Of course this means that the record is smothered in masses of surface noise, pops, crackles and clicks, and at times you can hear the wobbly nature of the vinyl, as the songs warble and flutter. It does really sound like an old 1940s record, thin, reedy, crackly, like a voice from beyond the grave. However, I'm not sure that this is such a good thing. Recording technology has moved on for a reason.
A Letter Home contains just covers of old folk / rock tracks (Dylan, Springsteen, Jansch, Lightfoot, Willie Nelson, the Everly Brothers are all represented) and all are lovely performances, first takes, just Neil the guitar and harmonica (and on a couple of songs, Jack White also pounding away on a piano). And whilst the old fashioned recording does have an undeniable, though weird, charm, I have a feeling that the antique sound will get very annoying after a couple of listens. Which is a shame, as Neil is on fine form and is clearly having a ball, and there's a jaunty, fun mood to many of the tracks.
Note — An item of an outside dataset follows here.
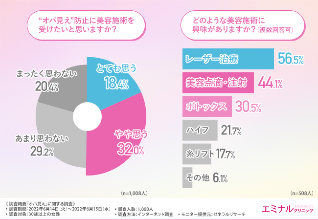 さらに、“オバ見え”を防止するために約半数の方が美容施術を受けてみたいと感じており、レーザー治療をはじめ、美容点滴・注射、ボトックスに関心を持っていることがわかりました。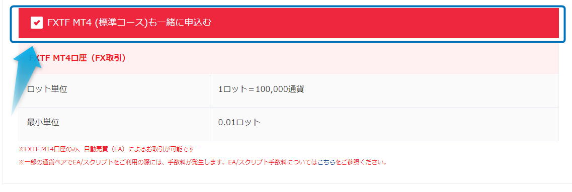 EAを使用するためには、MT4口座が必要なのでこちらにもチェックを入れてください。

I'd argue that all of these songs deserve to be heard in a better recording.
But this is Neil Young. Inexplicable swerves are his speciality. He's been banging on recently about PONO - a new full fat, totally non-lossless, portable, digital music format. He wants it to rival iTunes, and reckons that the quality it delivers is second to none. Apparently, the next volume of The Archives will not include Blu-Ray (like the last set) but to get the really high-end stuff you'll have to get PONO. Then, just as he's pushing PONO and top sound quality as hard as he can, he releases the lowest-fi album made by anyone in the last 60 years!
Apparently there's also a box set version (though what on earth that includes is anyone's guess - a wax cylinder? An old banjo and a rocking chair so you can create your own version?)
Gotta love Neil, but out of all the weird things he's done (and that's not a short list either!) this has to be one the weirdest ever!